Как же я люблю свою бабушку! Ей уже давно за девяносто, но «Дэйли Мэйл» она читает каждое утро и вдобавок всегда чинит мне одежду, когда требуется. Ростом она едва ли выше чем метр пятьдесят, а весит в последние годы не больше сорока килограммов, и в то же время она – сила, с которой приходится считаться.
«Стоунмэйсон» – один из самых элитарных домов престарелых в мире. Мой дед был пожарным, и за какие-то его заслуги они с бабушкой здесь пользовались привилегиями.
Бренда Нэйплз по-прежнему ходила куда хотела, курила и огрызалась. Может, она еще и меня переживет.
– Так в чем дело, Кинг? – спросила она.
И я рассказал ей про письмо от Беатрис Саммерс, а также об опасностях, которые могут навлечь на меня эти свидетельские показания.
Она слушала внимательно, смотрела во все глаза и, кажется, даже принюхивалась.
– Ты должен это сделать, малыш, – сказала она, подумав. – Самое главное, что есть в мужчине, – это чувство того, что правильно, а что нет. Коли уж ты знаешь, что пострадал невинно, и можешь это исправить, то выбора у тебя нет, – когда она говорила серьезно, в голосе ее отчетливо прослеживался акцент с притоков Миссисипи.

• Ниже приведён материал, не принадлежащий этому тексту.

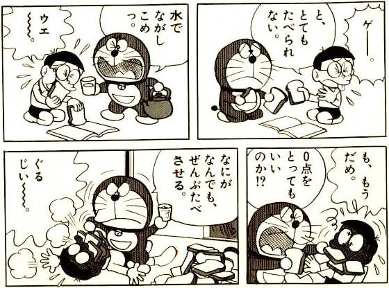 そのでかいパンを無理矢理のび太に押しこんでるドラえもん。押しこんでるだけならいいが、押しこんでるドラ本人は無茶苦茶顔が白けてる。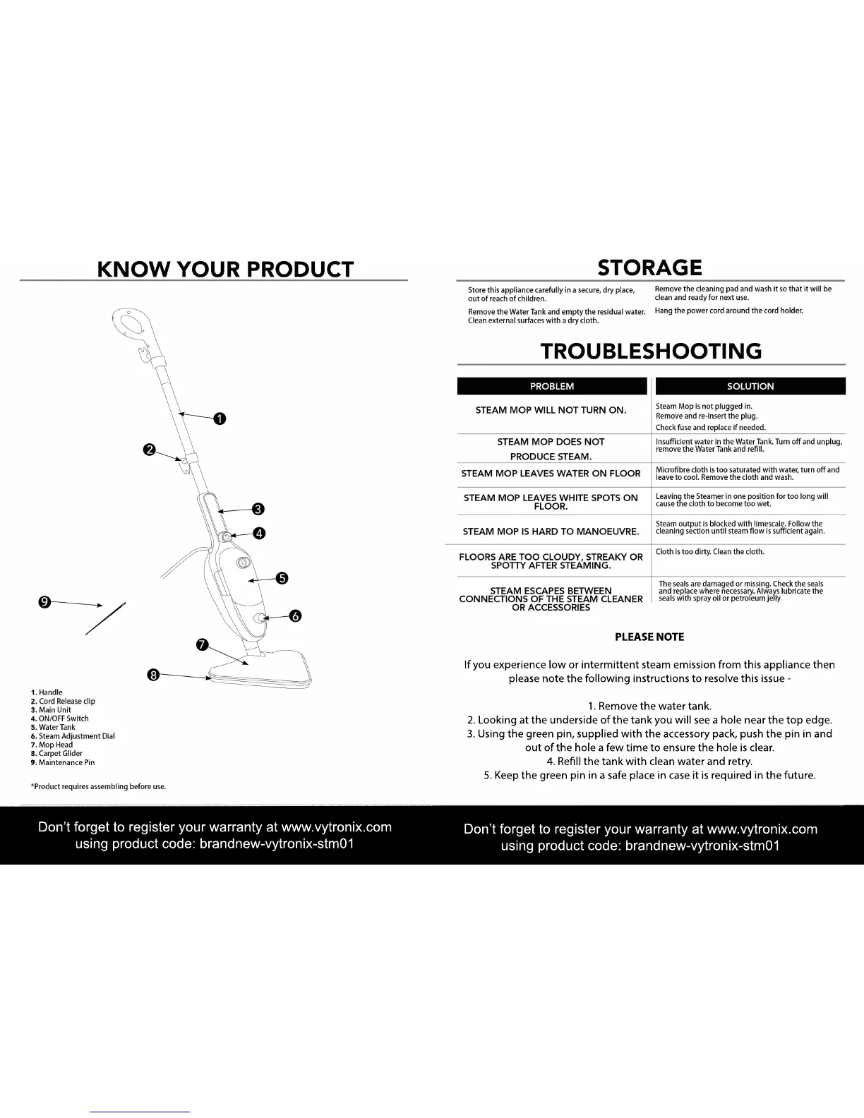Don’t forget to register your warranty at www.vytronix.com

– Но я всегда это знал, – возразил я.
– Но раньше никто не давал тебе ни реальной надежды, ни реальных имен, – парировала бабушка. – Да и более важной работы у тебя хватало.

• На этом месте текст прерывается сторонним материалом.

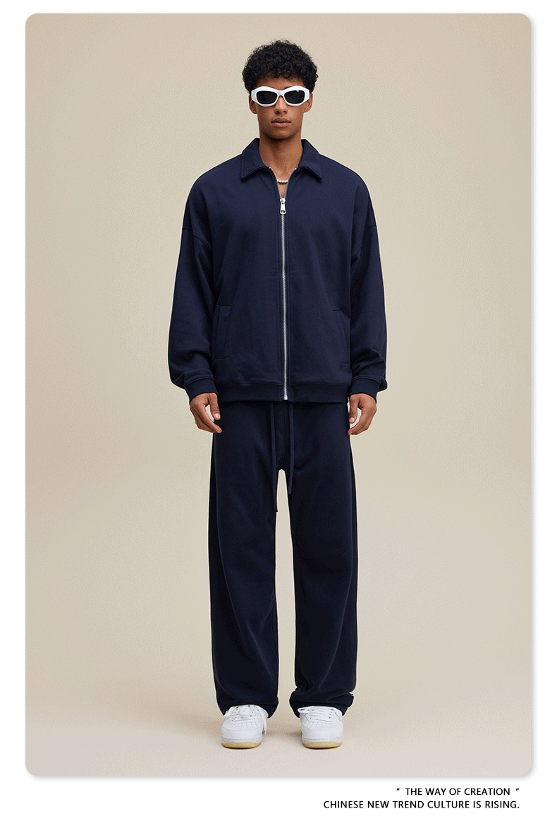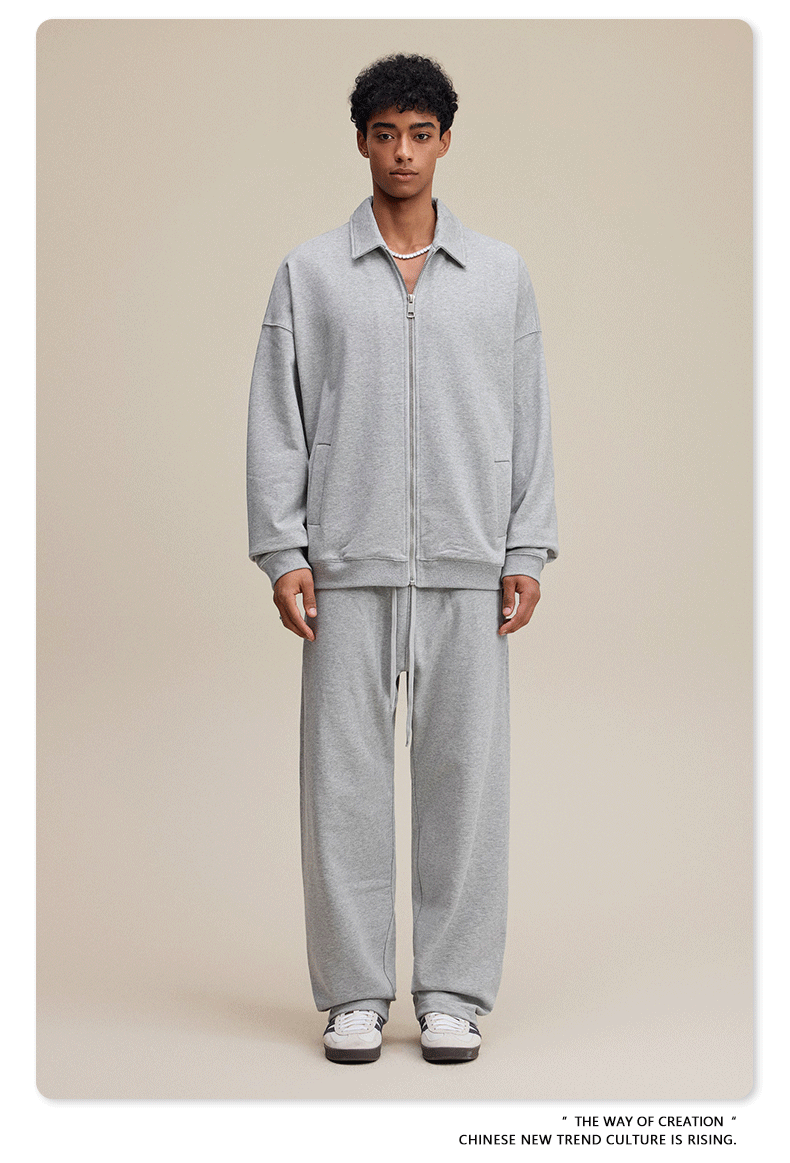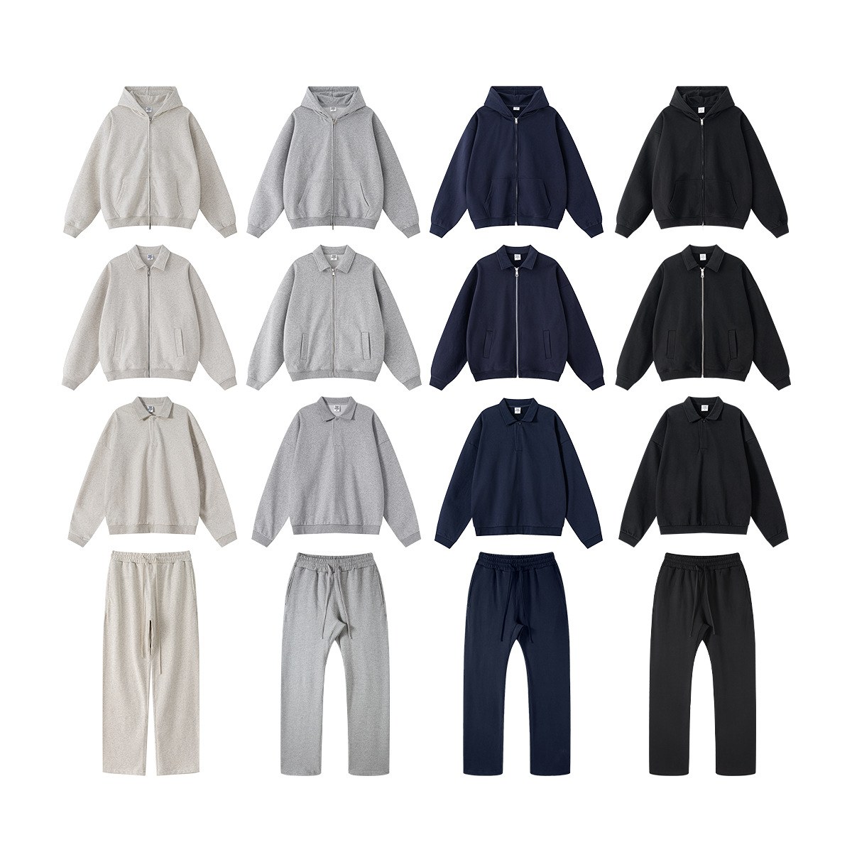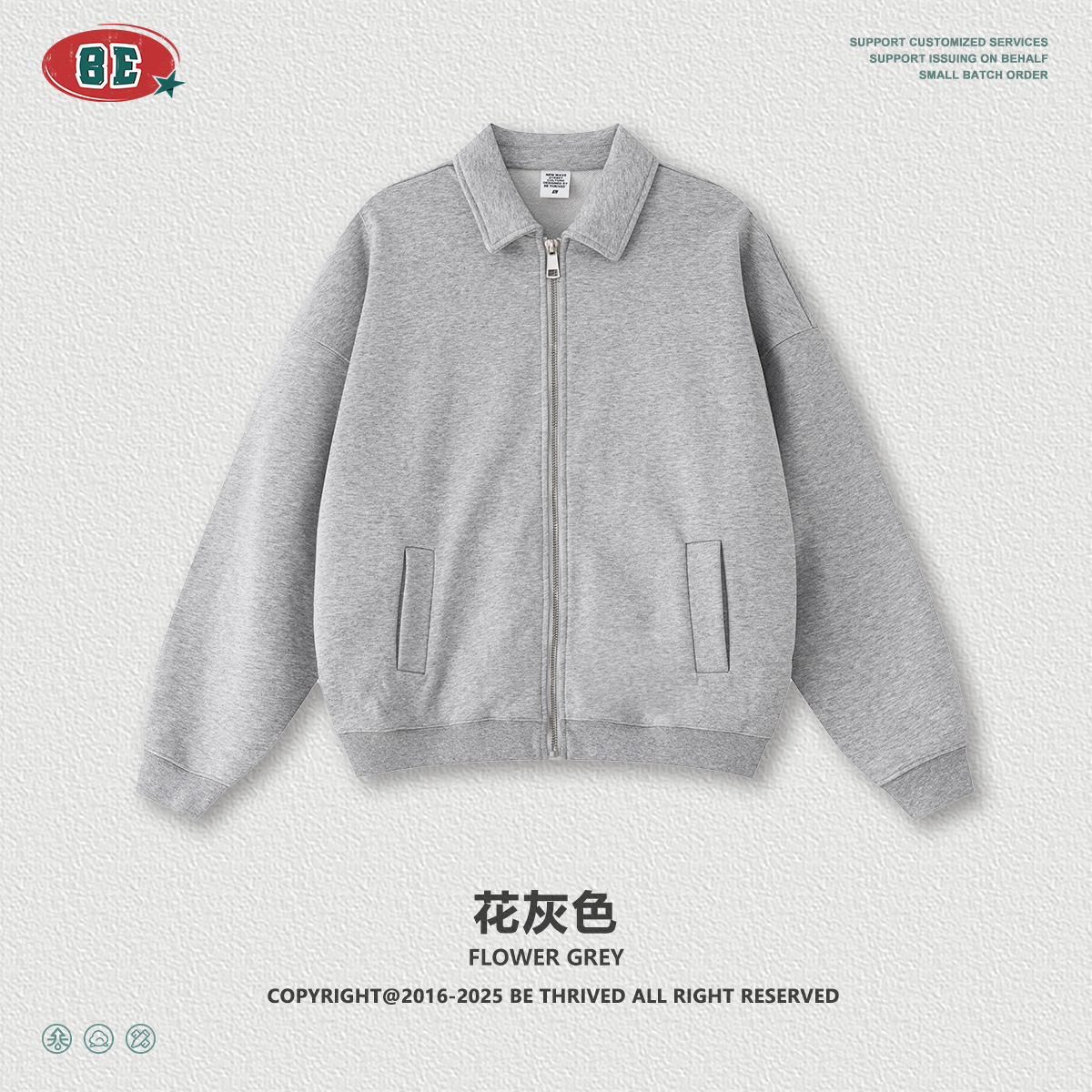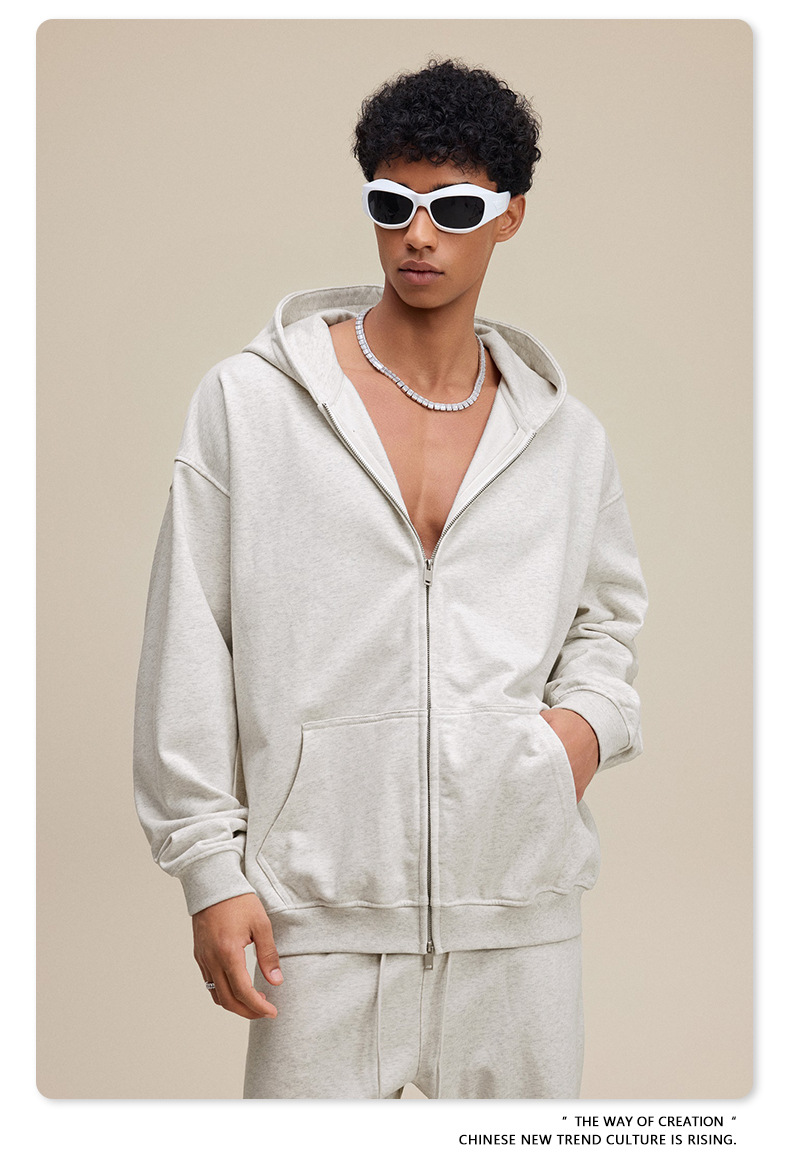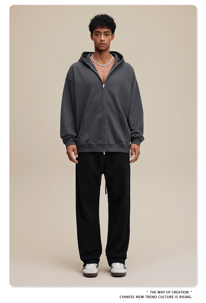 BE男装2025秋季美式宽松纯色加绒加厚拉链连帽卫衣休闲长裤套装男

– Ты имеешь в виду детективные дела?
– Нет, дурачина. Эйжу-Дениз. Ты должен был увидеть, как она вырастет и превратится в молодую женщину, прежде чем заняться своими проблемами. Таков уж смысл жизни.
Я промолчал, потому что она все сказала за меня.
– Хочешь позавтракать в столовой со мною вместе?
– Конечно.
Глава 11
За завтраком к нам с бабушкой присоединился Роджер Феррис. Он был на пару лет моложе бабушки и даже в столь солидном возрасте ростом никак не ниже метра восьмидесяти. Долговязая фигура и лысина, обрамленная серебристым ореолом оставшихся волос, без сомнения, свидетельствовали о его безграничном благосостоянии.
Кажется, бабушке нравилась его компания. Надо полагать, завтрак за одним столиком к категории свиданий не относился.
Роджер обожал оружие, но при этом слыл убежденным пацифистом.
– Любой человек, кто постигает смертоносное искусство, – говорил он мне, с аппетитом уплетая куриные колбаски с яичным омлетом с травами, – будь то бокс или же меткая стрельба, должен придерживаться высшего стандарта. Я это говорю потому, что человек с полуавтоматическим оружием в руках быстрее перестреляет десяток других людей, нежели перечислит их имена. Это преступление против самого Господа!